Маленькая квартирка на улице Блан-Манто напоминала крепость. Заперев и забаррикадировав входную дверь, Гофреди уселся напротив нее на стуле, держа под рукой тяжелую испанскую рапиру. Призванный на помощь Жак Бувье занял клетушку Никола и перенес туда оружие, которого бы с лихвой хватило для небольшой роты. Луи расположился у себя в спальне. Они приготовились к осаде.
На сундуке разместили дюжину мушкетов, положив рядом кремень и огниво, чтобы быстро запалить фитили. На стол положили столько же пистолетов. Короче говоря, вооружились до зубов.
Луи предупредил, что, возможно, враг пойдет на штурм ночью. Теперь, заявил он, он узнал о заговоре Фонтрая все, но что именно, объяснять не стал.
Завтра, думал он, вытянувшись на кровати, он отправится к Гастону, а оттуда с ним вместе к Мазарини. Только кардинал может вытащить его из ловушки, куда он так глупо угодил.
И кардинал сможет арестовать своих противников, ибо наконец-то Луи собрал все необходимые доказательства.
Но возможно, враги тоже догадались, что он все понял.
Окна заложили досками, и комната погрузилась во мрак, разбавленный тусклым светом чадящих сальных свечей.
Снаружи было еще светло, по улице сновал народ. На церкви Блан-Манто пробило девять, когда они услышали, как перед домом остановилась карета. Луи встал и вышел из спальни. Чтобы проехать на улицу, кучеру пришлось снять перегородившие ее цепи, а это означало, что в карете ехала важная особа.

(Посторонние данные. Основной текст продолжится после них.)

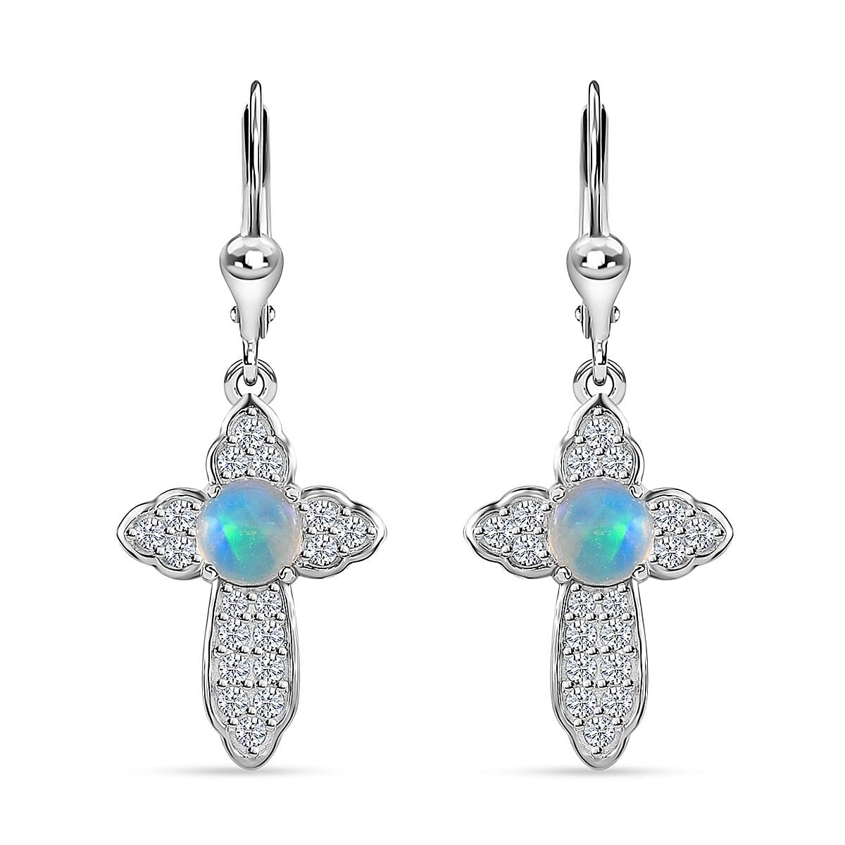 D'Joy Ethiopian Welo Opal and White Zircon Cross Earrings in Platinum Over Sterling Silver 2.25 ctw

Привлеченный шумом, Гофреди прильнул к щели между досками, закрывавшими окно гостиной. Подозвав Луи, он уступил ему место у щели, и молодой человек увидел, как из кареты вышел дворянин в сопровождении лакея. Свернув в тупик, где начиналась лестница, ведущая в апартаменты Луи, посетитель исчез из виду.
Гофреди поманил Бувье, и, сжимая в руках оружие, они стали возле двери.
Вскоре в дверь постучали.
— Кто вы и что вам угодно? — крикнул Луи дрожащим от страха голосом.
— Я Франсуа де Ларошфуко, принц де Марсильяк, приехал поговорить с шевалье де Фронсаком.
Луи отпер засов, отодвинул задвижку и осторожно приоткрыл дверь. Гофреди и Бувье приготовились, если понадобится, выступить на его защиту.
На лестничной площадке стоял щегольски одетый мужчина среднего роста и прекрасного телосложения. Он был один.
Луи пригласил его войти. Тонкая ниточка темных усов облагораживала грубоватое, с непропорционально широким носом и крупными мягкими губами, лицо Ларошфуко, придавала ему открытое и привлекательное выражение. Однако неуверенность — или печаль? — во взгляде заставляла сомневаться в искренности этого человека.
Посетитель столь же внимательно рассматривал Луи и его телохранителей, останавливая на каждом загадочный взор своих маленьких черных глаз.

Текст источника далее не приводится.